• **DATASET**:
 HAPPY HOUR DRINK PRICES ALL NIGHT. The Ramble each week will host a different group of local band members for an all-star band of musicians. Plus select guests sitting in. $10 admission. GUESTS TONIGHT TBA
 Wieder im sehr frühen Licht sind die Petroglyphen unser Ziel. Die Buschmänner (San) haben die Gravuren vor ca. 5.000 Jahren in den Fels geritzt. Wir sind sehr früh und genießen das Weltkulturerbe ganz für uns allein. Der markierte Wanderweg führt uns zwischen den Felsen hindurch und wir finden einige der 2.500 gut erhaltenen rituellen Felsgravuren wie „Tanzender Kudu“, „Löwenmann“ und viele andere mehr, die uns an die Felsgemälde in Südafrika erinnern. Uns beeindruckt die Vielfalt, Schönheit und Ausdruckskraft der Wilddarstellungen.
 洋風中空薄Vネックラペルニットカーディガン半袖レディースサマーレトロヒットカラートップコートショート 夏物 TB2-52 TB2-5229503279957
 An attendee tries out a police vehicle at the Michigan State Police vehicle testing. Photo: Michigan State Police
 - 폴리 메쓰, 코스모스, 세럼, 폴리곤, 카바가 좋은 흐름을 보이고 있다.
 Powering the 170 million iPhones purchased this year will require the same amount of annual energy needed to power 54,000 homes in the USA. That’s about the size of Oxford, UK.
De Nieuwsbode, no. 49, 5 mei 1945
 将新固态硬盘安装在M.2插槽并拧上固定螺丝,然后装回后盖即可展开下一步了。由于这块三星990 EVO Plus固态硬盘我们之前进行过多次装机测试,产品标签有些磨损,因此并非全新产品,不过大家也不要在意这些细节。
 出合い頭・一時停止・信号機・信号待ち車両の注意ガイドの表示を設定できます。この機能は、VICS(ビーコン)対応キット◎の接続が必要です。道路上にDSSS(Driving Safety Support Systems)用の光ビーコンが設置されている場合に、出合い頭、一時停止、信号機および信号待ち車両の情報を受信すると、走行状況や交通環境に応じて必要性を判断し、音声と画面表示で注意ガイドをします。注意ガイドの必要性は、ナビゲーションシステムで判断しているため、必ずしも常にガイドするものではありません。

• **TASK**:
Nothing but the lines from the one containing "- 폴리 메쓰, 코스모스, 세럼, 폴리곤, 카바가 좋은 흐름을 보이고 있다." through the final line of the listing above belongs in the answer; set them down exactly.

• **FINISHED TASK**:
 - 폴리 메쓰, 코스모스, 세럼, 폴리곤, 카바가 좋은 흐름을 보이고 있다.
 Powering the 170 million iPhones purchased this year will require the same amount of annual energy needed to power 54,000 homes in the USA. That’s about the size of Oxford, UK.
De Nieuwsbode, no. 49, 5 mei 1945
 将新固态硬盘安装在M.2插槽并拧上固定螺丝,然后装回后盖即可展开下一步了。由于这块三星990 EVO Plus固态硬盘我们之前进行过多次装机测试,产品标签有些磨损,因此并非全新产品,不过大家也不要在意这些细节。
 出合い頭・一時停止・信号機・信号待ち車両の注意ガイドの表示を設定できます。この機能は、VICS(ビーコン)対応キット◎の接続が必要です。道路上にDSSS(Driving Safety Support Systems)用の光ビーコンが設置されている場合に、出合い頭、一時停止、信号機および信号待ち車両の情報を受信すると、走行状況や交通環境に応じて必要性を判断し、音声と画面表示で注意ガイドをします。注意ガイドの必要性は、ナビゲーションシステムで判断しているため、必ずしも常にガイドするものではありません。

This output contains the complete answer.